Leave out every picture and set down, exactly, the lines below from the one holding "Riviera Suisse Face" up to and including the one holding "- Intentar marcar".

→ Data in this exercise:
Content starts

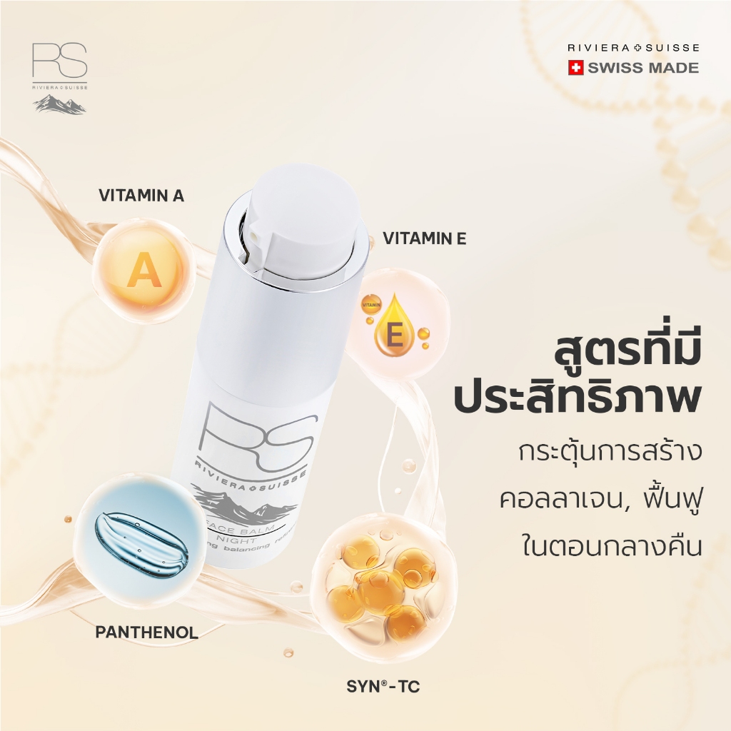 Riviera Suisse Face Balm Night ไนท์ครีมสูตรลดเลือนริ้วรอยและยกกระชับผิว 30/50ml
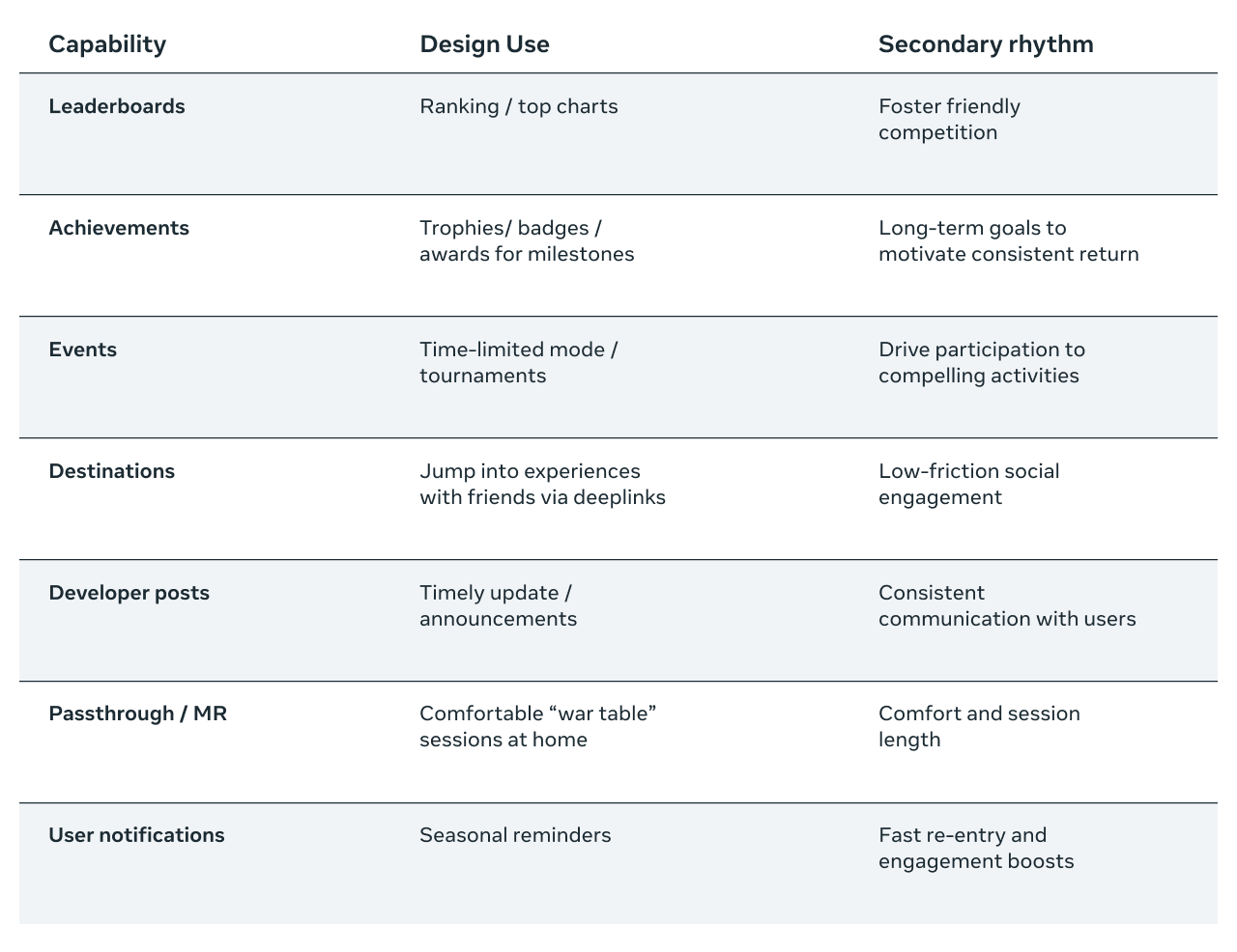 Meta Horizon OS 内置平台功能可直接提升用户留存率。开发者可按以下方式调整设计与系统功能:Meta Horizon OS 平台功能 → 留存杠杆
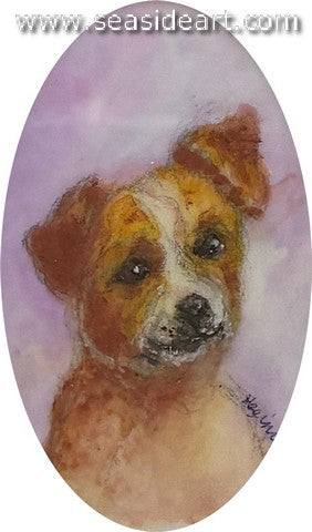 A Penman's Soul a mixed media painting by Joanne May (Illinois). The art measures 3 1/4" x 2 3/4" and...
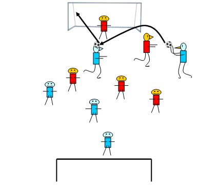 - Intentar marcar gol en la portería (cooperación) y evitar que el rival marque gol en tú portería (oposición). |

Content ends
Content starts

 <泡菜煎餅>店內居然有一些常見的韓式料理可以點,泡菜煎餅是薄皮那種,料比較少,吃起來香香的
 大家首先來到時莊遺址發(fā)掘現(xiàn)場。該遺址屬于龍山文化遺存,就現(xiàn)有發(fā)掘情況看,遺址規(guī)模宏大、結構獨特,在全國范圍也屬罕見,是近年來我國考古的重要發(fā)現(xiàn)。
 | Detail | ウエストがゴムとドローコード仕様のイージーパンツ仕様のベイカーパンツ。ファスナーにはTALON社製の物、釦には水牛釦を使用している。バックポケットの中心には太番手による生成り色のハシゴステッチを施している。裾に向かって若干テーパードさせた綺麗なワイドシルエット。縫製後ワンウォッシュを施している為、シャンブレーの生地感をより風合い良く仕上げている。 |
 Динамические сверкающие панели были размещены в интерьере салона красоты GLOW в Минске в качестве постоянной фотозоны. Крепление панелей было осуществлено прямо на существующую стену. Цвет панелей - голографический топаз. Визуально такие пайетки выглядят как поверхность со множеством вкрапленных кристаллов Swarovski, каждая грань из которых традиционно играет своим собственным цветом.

Content ends
Content starts

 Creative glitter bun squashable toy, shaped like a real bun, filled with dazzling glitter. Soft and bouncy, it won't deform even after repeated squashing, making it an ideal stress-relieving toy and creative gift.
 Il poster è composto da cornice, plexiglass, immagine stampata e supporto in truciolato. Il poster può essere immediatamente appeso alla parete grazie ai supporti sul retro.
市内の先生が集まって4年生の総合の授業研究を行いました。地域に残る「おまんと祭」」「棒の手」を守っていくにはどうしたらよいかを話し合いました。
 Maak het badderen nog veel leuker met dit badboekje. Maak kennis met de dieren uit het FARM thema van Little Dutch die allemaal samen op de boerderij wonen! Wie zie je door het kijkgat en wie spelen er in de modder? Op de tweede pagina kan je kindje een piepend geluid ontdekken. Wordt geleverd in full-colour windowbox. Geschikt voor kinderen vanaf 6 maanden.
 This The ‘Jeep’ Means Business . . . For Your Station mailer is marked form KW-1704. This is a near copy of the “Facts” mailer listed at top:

Content ends

→ Reply:
 Riviera Suisse Face Balm Night ไนท์ครีมสูตรลดเลือนริ้วรอยและยกกระชับผิว 30/50ml
 Meta Horizon OS 内置平台功能可直接提升用户留存率。开发者可按以下方式调整设计与系统功能:Meta Horizon OS 平台功能 → 留存杠杆
 A Penman's Soul a mixed media painting by Joanne May (Illinois). The art measures 3 1/4" x 2 3/4" and...
 - Intentar marcar gol en la portería (cooperación) y evitar que el rival marque gol en tú portería (oposición). |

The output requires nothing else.